Tantangan Privasi dan Pembelajaran Publik
Menerima bayi titipan bukan tanpa tantangan. Nagita dan Raffi menyadari pentingnya menjaga privasi anak, terutama ketika mereka hidup sebagai figur publik. Mereka memilih selektif dalam berbagi foto atau detail tentang bayi titipan agar tidak menimbulkan eksposur berlebihan yang bisa berdampak pada perkembangan anak.
Selain itu, publikasi soal bayi di rumah mereka menimbulkan perdebatan tentang batas antara kepedulian sosial dan hak privasi anak. Pasangan ini berupaya menyeimbangkan keduanya: tetap membantu yayasan sekaligus melindungi identitas dan kesejahteraan bayi.
Klarifikasi yang diberikan Nagita juga berfungsi sebagai edukasi bagi masyarakat: agar memahami mekanisme foster care versus adopsi.
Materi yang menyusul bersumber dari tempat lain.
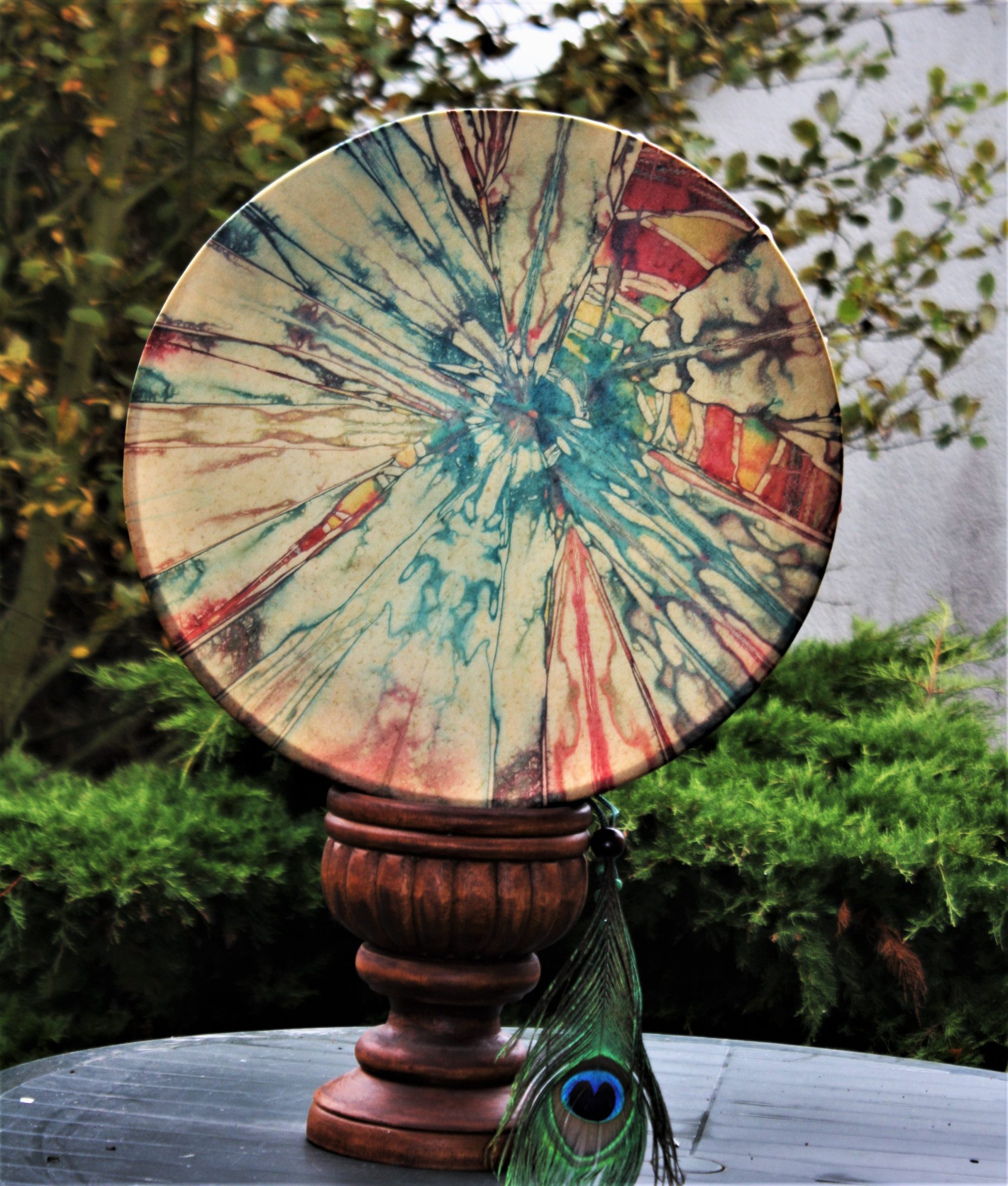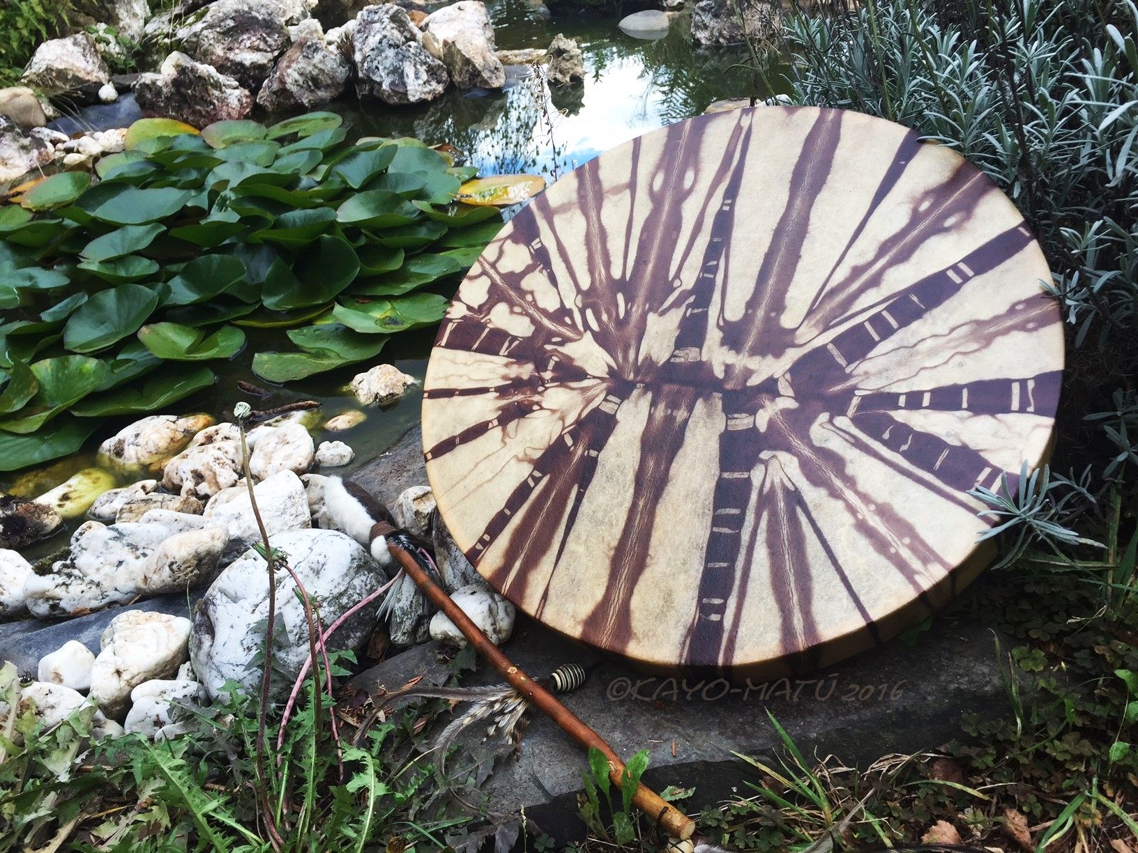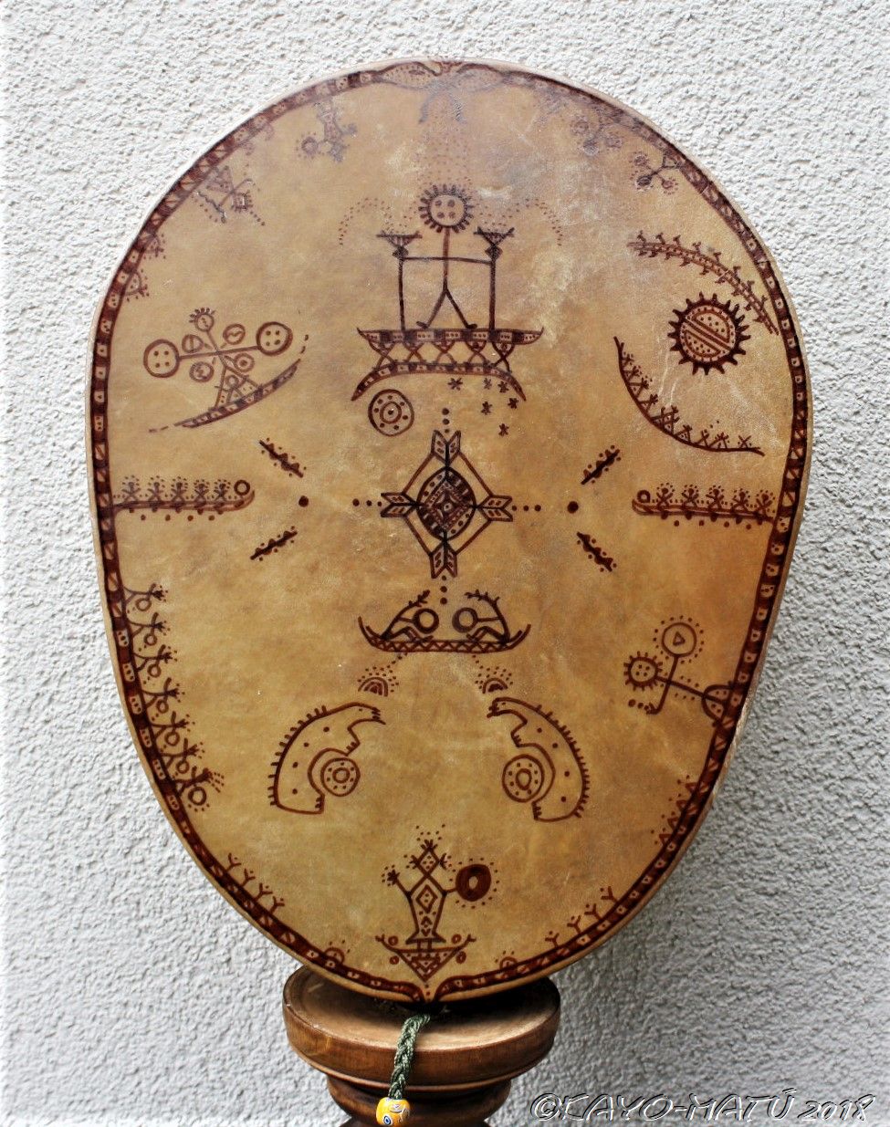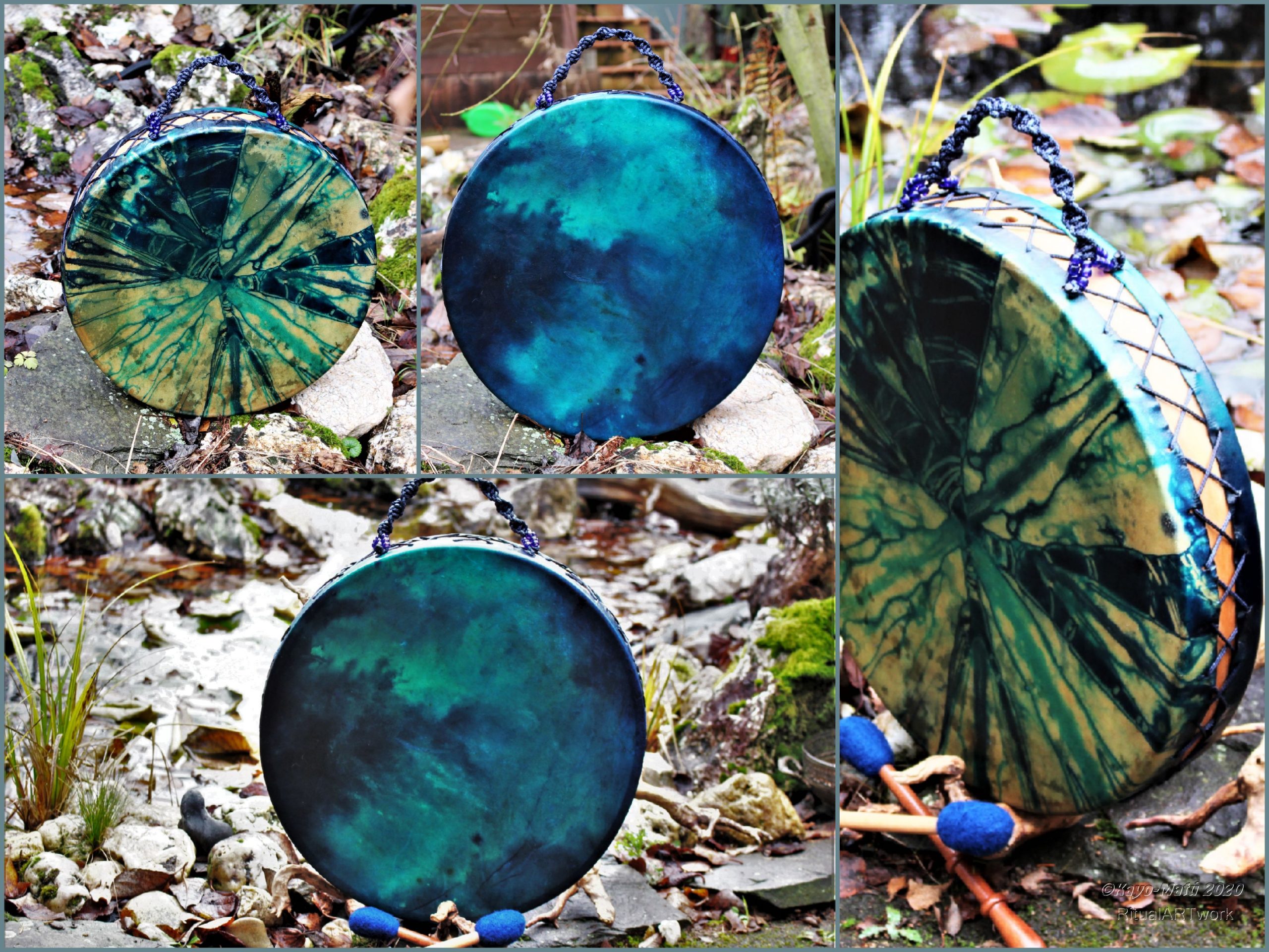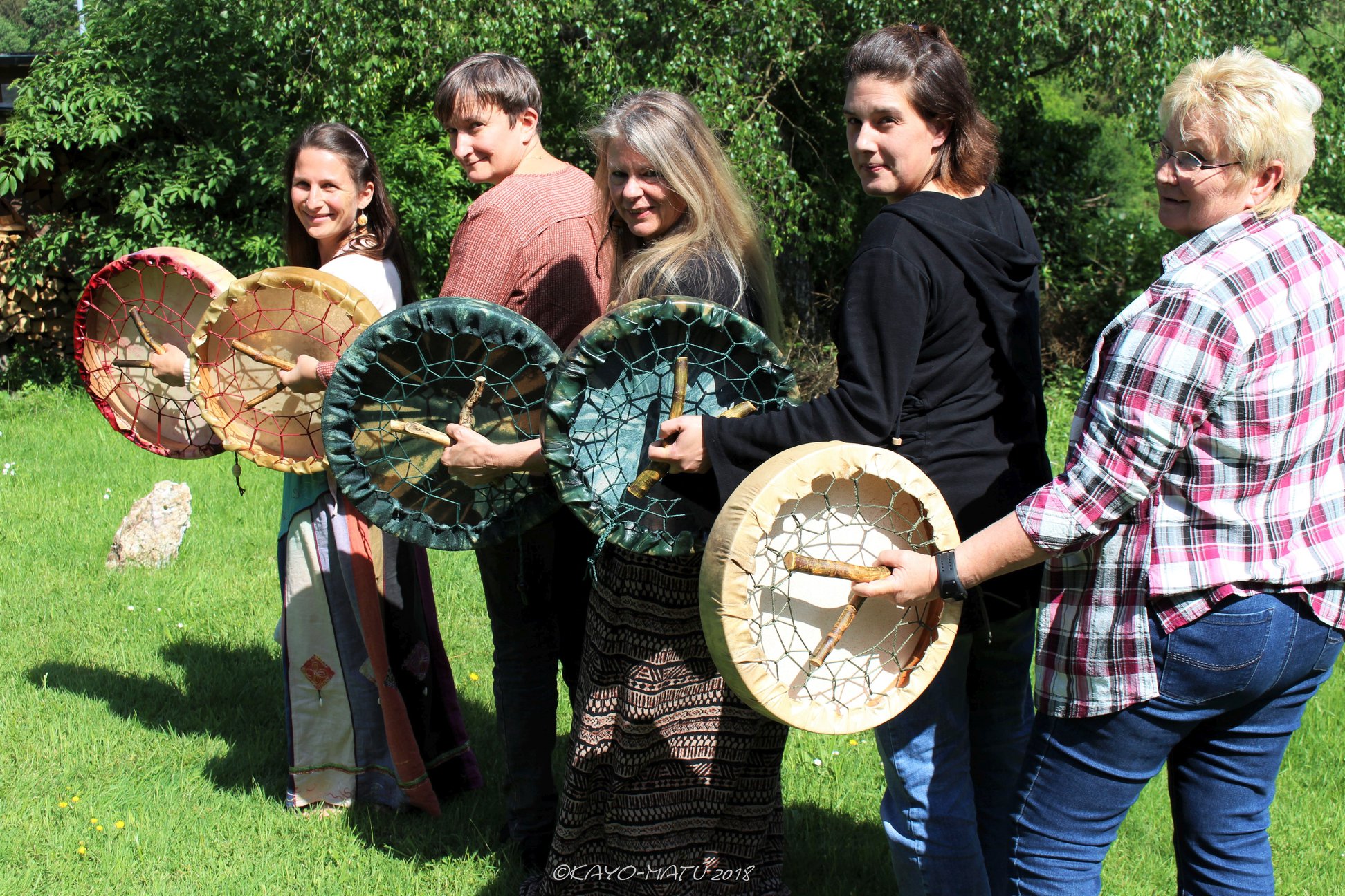 Im Laufe der vielen Jahre habe ich verschiedene Trommelmodelle gebaut. Hauptsächlich baue ich runde Trommeln mit Rahmen aus Weideholz von 35 – 40 und 45 cm im Durchmesser. Als Spannsystem verwende ich meine Ypsilon-Spannung und als Haltegriffe verwende ich naturgewachsene Astgabeln, die ebenfalls die Form eines Y haben. Spannsystem und Y-Form der Astgabel haben eine tiefe kosmologische Bedeutung in sich. Es kommt auch vor, dass ich Stenze, in sich gedrehtes Holz, als Haltegriffe verwende. Ich arbeite nur mit Nackt- rohhäuten vorzugsweise vom Hirsch, gelegentlich auch vom Pferd, da diese die besten Klangeigenschaften besitzen. Ca. 2010 entwickelte ich die Insubania-Färbetechnik (Sonnenbatik) auf der Tierhaut, das bedeutet, ein langer Such-und Ausprobier-Prozess, welche Naturfarbe auf Dauer auf Tierhäuten hält.

Edukasi ini penting supaya apa yang mereka lakukan tidak disalahtafsirkan dan agar orang lain lebih peka saat menilai tindakan figur publik yang peduli pada anak.
Di balik sorotan, langkah pasangan ini tetap dipandang sebagai bentuk kepedulian nyata. Banyak yang berharap inisiatif foster home semacam ini bisa ditingkatkan dan ditiru oleh pihak lain demi kesejahteraan anak-anak yang membutuhkan.